We suggest these features call for focused action to learn how we might humanize courses, such as introduction to proof, while maintaining their apprenticeship aims. In this way, we still provide students with the rules of the game, and also open space such that more students feel included, and that mathematics is humanized. There are many ways that humanizing has been defined in the literature about mathematics education. As Langer-Osuna and Nasir (2016) explained, much of this work focuses on humanizing those who have been othered, such as African Americans, whose humanity has been obscured by dominant discourse and structural elements of the USA. Tan et al. (2022) explained that "humanizing mathematics education seeks to firm and cultivate complex, intersectional, and gifted cultural beings through inclusivity, equity, and social justice" (p. 875), and involves teachers not just attending to mathematical content, but "seeing [their] students as whole human beings" (Kalinec-Craig & del Rosario Zavala, 2019). As argued by Yeh and Otis (2019) in commitment to "more humanizing pedagogy", education can be "a site of social reproduction", but also as "a potential site for transformation". Humanizing can serve to change views on who can do math and what it means to do math in ways that actively include students.
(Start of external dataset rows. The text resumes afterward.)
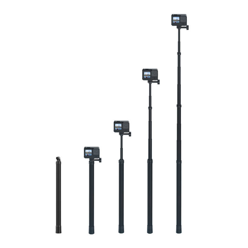 Twórz fantastyczne selfie, zdjęcia grupowe i ujęcia z niecodziennych perspektyw. Pomoże Ci w tym selfie stick GP-MNP-270-02 marki TELESIN! Akcesorium umożliwia 6-stopniową regulację długości w zakresie od 40 cm do nawet 2,7 m. Możesz więc bez problemu dostosować je do swoich potrzeb! Co więcej, na spodzie produktu znajduje się otwór 1/4”, który pozwala zamontować go na statywie. Selfie stick jest też wyposażony w odłączane adaptery i śrubę 1/4”, dzięki czemu jest kompatybilny z wieloma modelami kamer sportowych znanych marek, takich jak DJI, Insta360 czy GoPro. Do jego wykonania zastosowano wysokiej włókno węglowe, które jest lekkie, a zarazem solidne i wytrzymałe.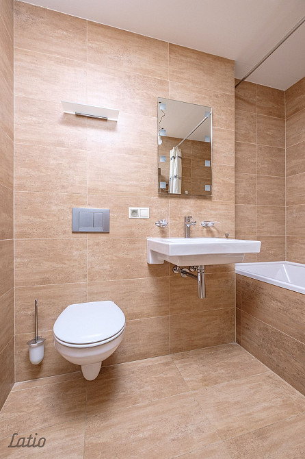 Dzīvoklī ir divas atsevišķas istabas: galvenā guļamistaba ar vannasistabu un garderobes telpu un otra istaba, kuru var izmantot gan kā dzīvojamo istabu, gan kā darba kabinetu, kā arī gaiša viesistaba, kas apvienota ar virtuves daļu. Virtuvē iebūvēta virtuves iekārta ar sadzīves tehniku. Ir pieejama arī otra vannasistaba, kura aprīkota ar dušas kabīni un nepieciešamo santehniku. Visas istabas ir pilnībā mēbelētas. Gaiteņa daļā ir liels iebūvējamais skapis. Cenā iekļauta un pieejama virszemes stāvvieta ar barjeru norobežotā ēkas pagalmā, kā arī noliktavas telpa pagrabstāvā, ērta lielgabarīta sezonas mantu novietošanai. Namā pieejams arī diennakts dežurants, kas nodrošina kārtību koplietošanas telpās. Iedzīvotāju ērtībai namā ir gan divi pasažieru lifti, gan kravas lifts.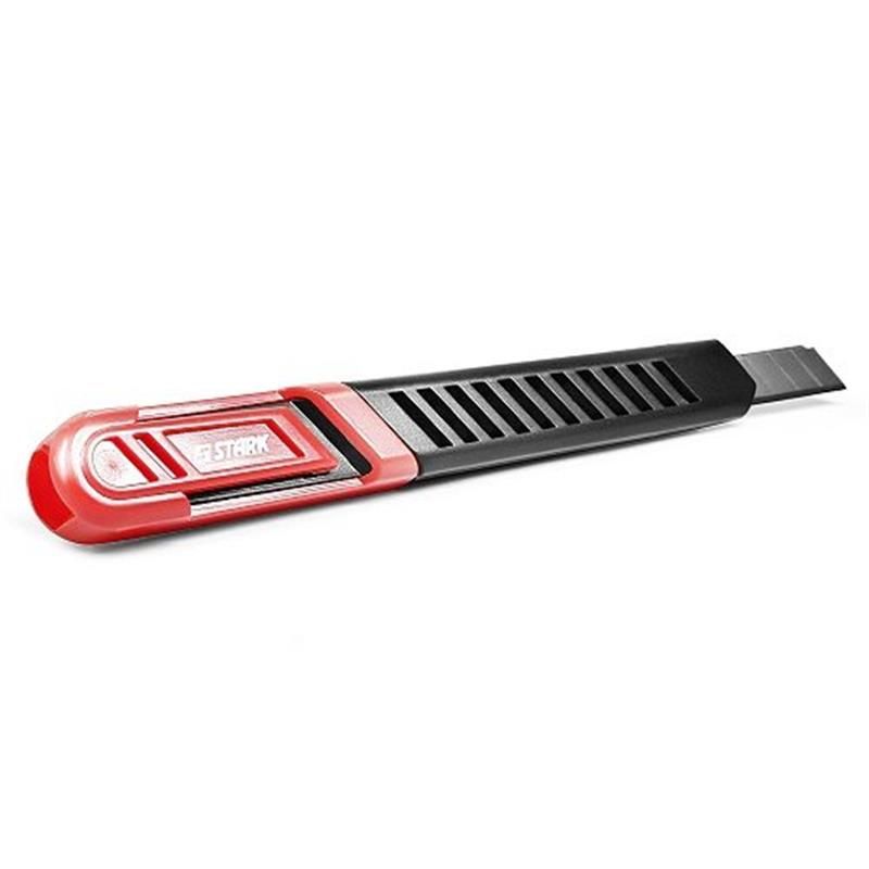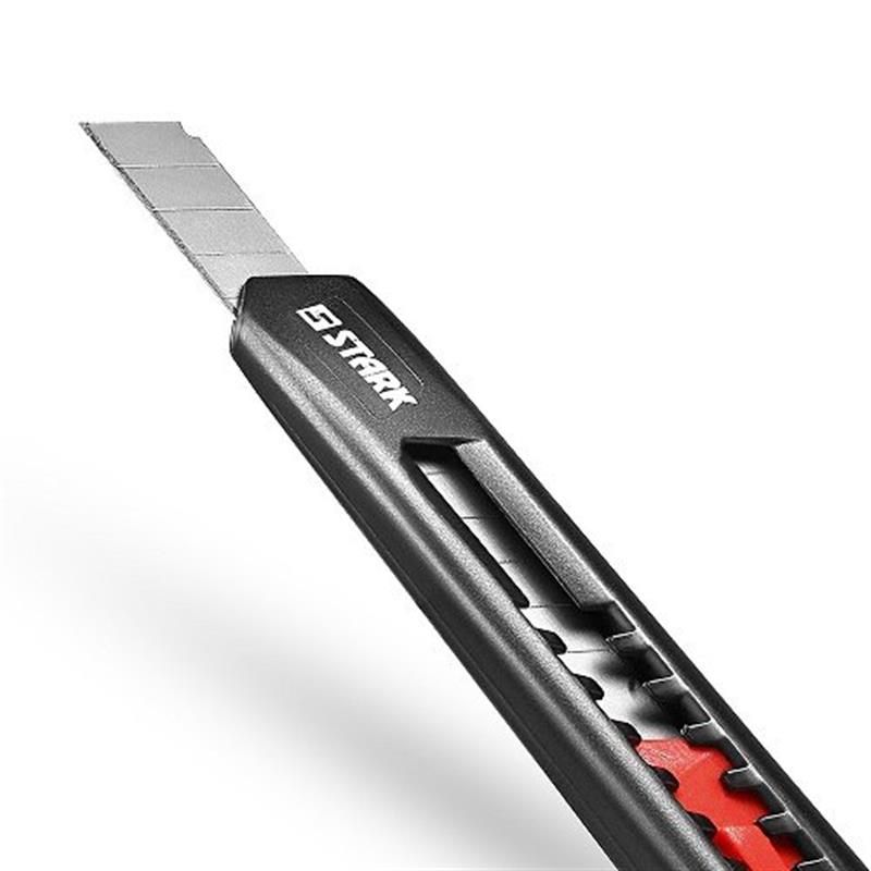 Stark 125 мм - компактний сегментний ніж для виконання будівельних і ремонтних робіт, дозволяє різати різного роду матеріали: гумові, картонні, матерчаті, пластикові та ін. Завдяки невеликим розмірам ножем легко працювати в важкодоступних місцях, не займає багато місця в інструментальному валізі. Лезо виготовлено з якісної високовуглецевої сталі легко висувається і автоматично фіксується. Лезо має 13 позицій.

When we consider the undergraduate proof level, we suggest this work involves not just seeing students as whole human beings, but also seeing mathematicians as whole human beings rather than some group of people separate from most of the students in the courses. As advocated for by Jett et al. (2015), culturally responsive pedagogy can include having students learn about research mathematicians and "mathematical [contributions] from culturally diverse groups in general and black people in particular" (p. 287). Recent research has demonstrated that culturally sensitive curricula -for instance, those including Diversity Represented and Positive Depictions dimensions -are significant predictors of positive interest in higher education (Quinlan et al., 2024). There is a need to counteract stereotypes and dominant narratives of who does mathematics in courses where emulating mathematicians is emphasized. Further, we suggest the need to disrupt the image of mathematicians as socially inept and uniquely brilliant to better serve students who do not see cultural characteristics of themselves. As noted in Cervia's (2019) study of female scientists, we need to be sure to share stories not just of people from disenfranchised backgrounds, but also those that disrupt other elements of what the popular discourse around a subject area entail. Finally, we note the need to see mathematics as a fundamental human activity. A major component of humanizing mathematics, as advocated for by mathematicians, involves not only "study[ing] mathematics in itself, but as an activity, developed by humans in a variety of different settings" (Pais, 2018, pp. 235-236). Doing and conducting mathematics is not a flawless enterprise that the finalized proof product might represent, but rather filled with challenges, failures, and breakthroughs.
Pursuing the novel vision for teaching an introduction to proof course focused on reading proofs required us to make several strategic choices and develop new tools for instruction. In this section, we outline some of these aspects of the project to provide context for the reflections on humanizing mathematics that we share in subsequent sections. We end this section by presenting the method by which we engaged in a process of collective reflection on what we have been learning.
The RAMP project is not developing a full curriculum for teaching introduction to proof, but rather a set of curricular materials that can be implemented in most any course taught using a textbook or instructor notes. Having reviewed commonly used textbooks (Dawkins et al., 2022), we recognize the common set of topics covered in such courses (see also Schumacher et al., 2015) and the existence of a range of adequate tools for teaching much of this contentfoot_1 . Many such courses cover sets, logic, quantification, proof techniques (including contradiction and induction), relations, functions, and cardinality.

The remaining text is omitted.